What you will do:
An exact copy is required of every line from the one with "3日、第22回桃花観光文化フ" through the end of the data below, and the pictures must stay out of it.

Data section:
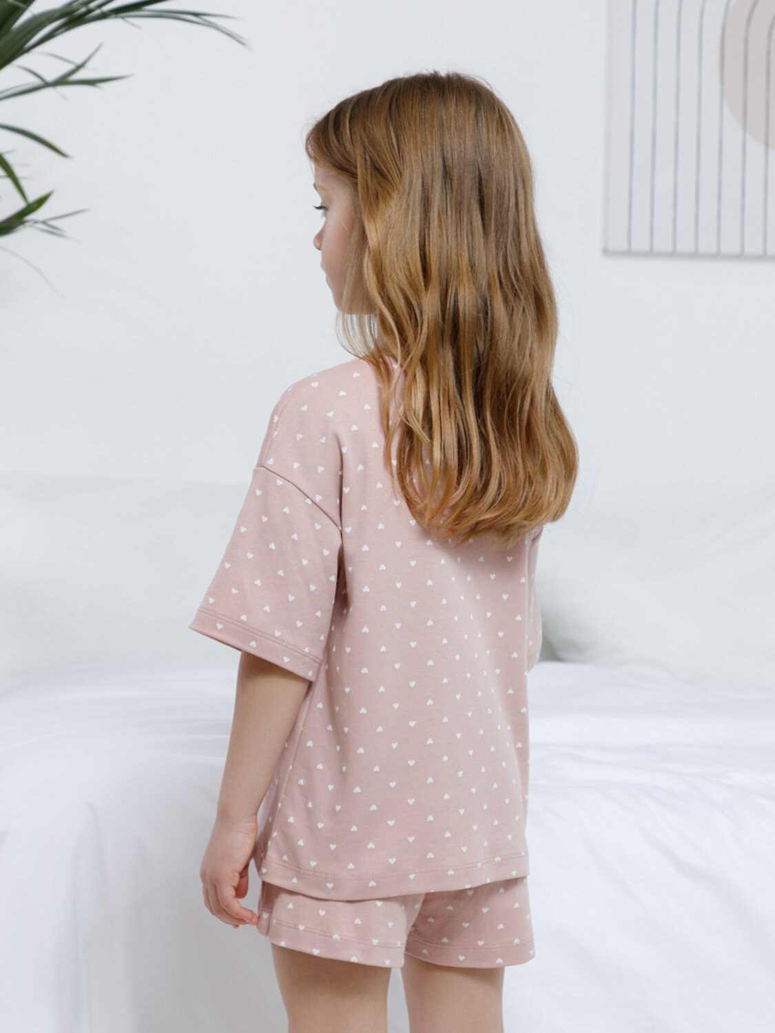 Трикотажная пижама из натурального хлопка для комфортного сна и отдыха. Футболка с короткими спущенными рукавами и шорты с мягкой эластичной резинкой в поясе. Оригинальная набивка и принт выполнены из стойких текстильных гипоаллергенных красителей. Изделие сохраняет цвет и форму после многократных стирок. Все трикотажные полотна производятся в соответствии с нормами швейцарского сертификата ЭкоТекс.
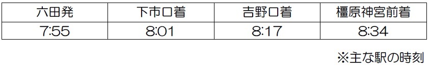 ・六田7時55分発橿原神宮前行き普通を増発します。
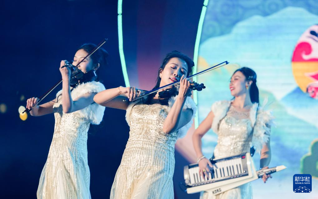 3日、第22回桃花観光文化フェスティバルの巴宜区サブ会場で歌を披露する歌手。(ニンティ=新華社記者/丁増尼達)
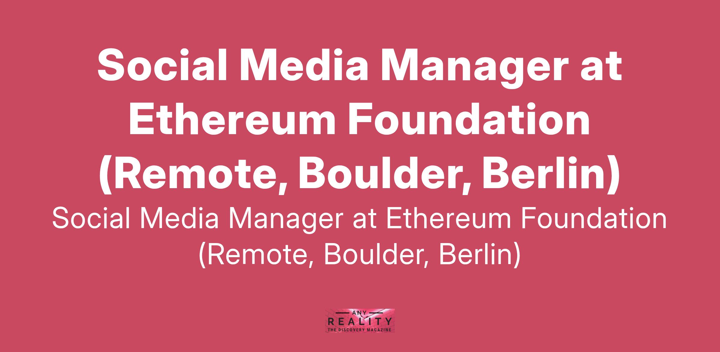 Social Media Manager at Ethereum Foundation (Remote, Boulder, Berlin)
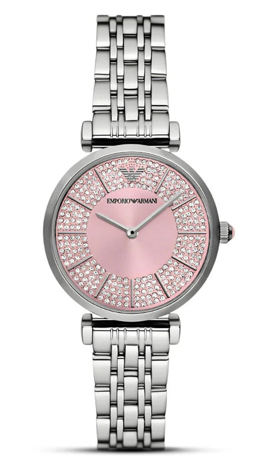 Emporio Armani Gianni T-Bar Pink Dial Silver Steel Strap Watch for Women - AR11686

Solved problem:
 3日、第22回桃花観光文化フェスティバルの巴宜区サブ会場で歌を披露する歌手。(ニンティ=新華社記者/丁増尼達)
 Social Media Manager at Ethereum Foundation (Remote, Boulder, Berlin)
 Emporio Armani Gianni T-Bar Pink Dial Silver Steel Strap Watch for Women - AR11686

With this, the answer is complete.